3.3. SARS-CoV-2 ORF8 gene phylogeny is typical of an expanding population

Alignment of 11,113 ORF8 gene sequences yielded 118 different haplotypes. The phylogenetic network reveled a star-like pattern, typical of an expanding population (Fig. 2C). A similar pattern was observed using complete SARS-CoV-2 genomes (Forster et al., 2020). The central large haplotype (H1) was observed in 9086 sequences, including the reference NC_045512.2. The network also revealed three frequent haplotypes: H2 (1537 sequences) differing from the reference H1 at position 28,144; H10 (152 sequences) diverging from H1 at position 27,964 and H3 (108 sequences) diverging from H2 at position 28,077. The network shows reticulation at several points suggesting parallel mutations.
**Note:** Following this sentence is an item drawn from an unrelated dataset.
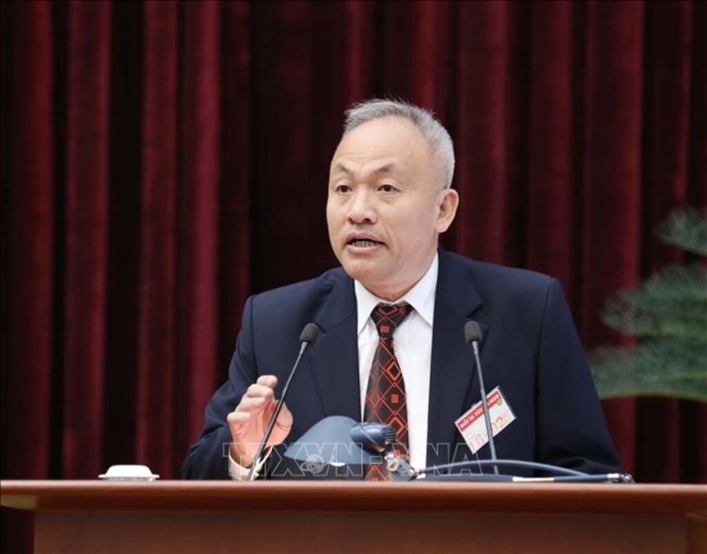 Tiến sĩ Phan Xuân Dũng, Chủ tịch Liên hiệp các Hội Khoa học Kỹ thuật Việt Nam tham luận tại hội nghị. (Ảnh: Phương Hoa/TTXVN)

The mismatch distribution shows that most ORF8 sequences diverge by a single mutation, representing ~40% of all pairwise comparisons (Fig. 2D). There are only two haplotypes that diverge by 6 mutations. All other haplotypes diverge by less than 6 mutations considering the ORF8 locus alone. The smooth unimodal distribution is in line with the recent population growth from a single ancestor.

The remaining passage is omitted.